Graeme was working full time, but he had nothing to do on weekends. So, he decided to find more work.
“Dad had a field welder on the farm. I’d been used to working weekends, and Dad – he only had one eye so he wouldn’t touch the welder – said… ‘Do you want to take that down and pick up a little work?’ So I worked at the mill during the week, repaired chainsaws at night, and did welding jobs on the weekends.”
In 1975, after 31/2 years at the mill, Graeme handed in his notice. He’d discovered a new passion: trucks.
Working at the mill, Graeme had witnessed many truckers arguing with law enforcement about load weights. Weighing was a legal requirement, but it took time. It cost money. It caused problems. Graeme’s brother, Dale, was working as a diesel fitter in Canada at the time; working on trucks that had in-built scales. Why didn’t Australian trucks have these?
Graeme and his brother decided to import weighing systems.

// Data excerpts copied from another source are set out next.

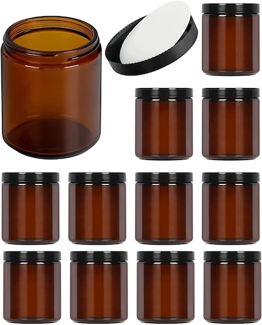 Star Cook 12Pack amber Round Glass Pot Jars, 270g Empty Jars with Lids, Refillable Cosmetic Containers, Travel Jars for Lotion, Cream, Slime, Cosmetic
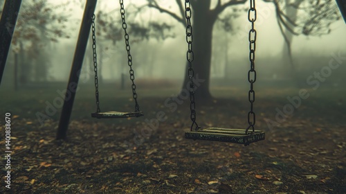 Empty Swing Set in Foggy Park with Fallen Leaves Landscape
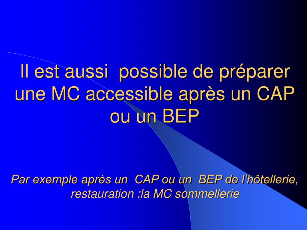 Il est aussi possible de préparer une MC accessible après un CAP ou un BEPPar exemple après un CAP ou un BEP de l’hôtellerie, restauration :la MC sommellerie
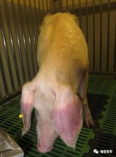 图 25.2 ASF亚临床感染,由于高度充血造成猪耳朵呈现紫色

In 1976, Elphinstone Brothers were the first to introduce on-vehicle weighing systems in Australia.
“The first trailer we ever fitted with on-vehicle weighing was being built here in Tasmania. We went and sat down with the trailer manufacturer in Hobart and said, ‘How about fitting the load cells in while you’re building this new trailer?’
“They told us to piss off, that we didn’t know what we were doing. So when that trailer was about three or four weeks old, still brand new, we cut it up and put load cells into it ourselves.”
Graeme eventually bought his brother out of the business, and Elphinstone went from importing systems to designing their own. They started building trailers and exporting parts, and in 1985 they began creating equipment that could traverse the icy, turbulent terrain in Antarctica.
“It’s completely different, building stuff for ice. It’s not easy. Traversing is like a long-haul transport operation on snow, the distance is like running a track from Geelong to Newcastle. We did lots of different models of sleds, the first ones were on rubber tracks. They were better on soft snow. Some were on skis. We’ve done heaps of different things over the years, and all of those sleds are still travelling. They do three trips a year, 1100km each way.”
Graeme’s first Antarctic equipment was built for Australian expeditions, and in 1993 he began designing sleds for the French Polar Institute. In 2000, Graeme finally set foot on the continent himself.
He joined the expedition on the French icebreaker L’Astrolabe, driving tractors on traverse and looking after equipment on the base. He’s been back three times since, the last time in 2016.
“Like I tell young people, when opportunities present themselves, just take them.”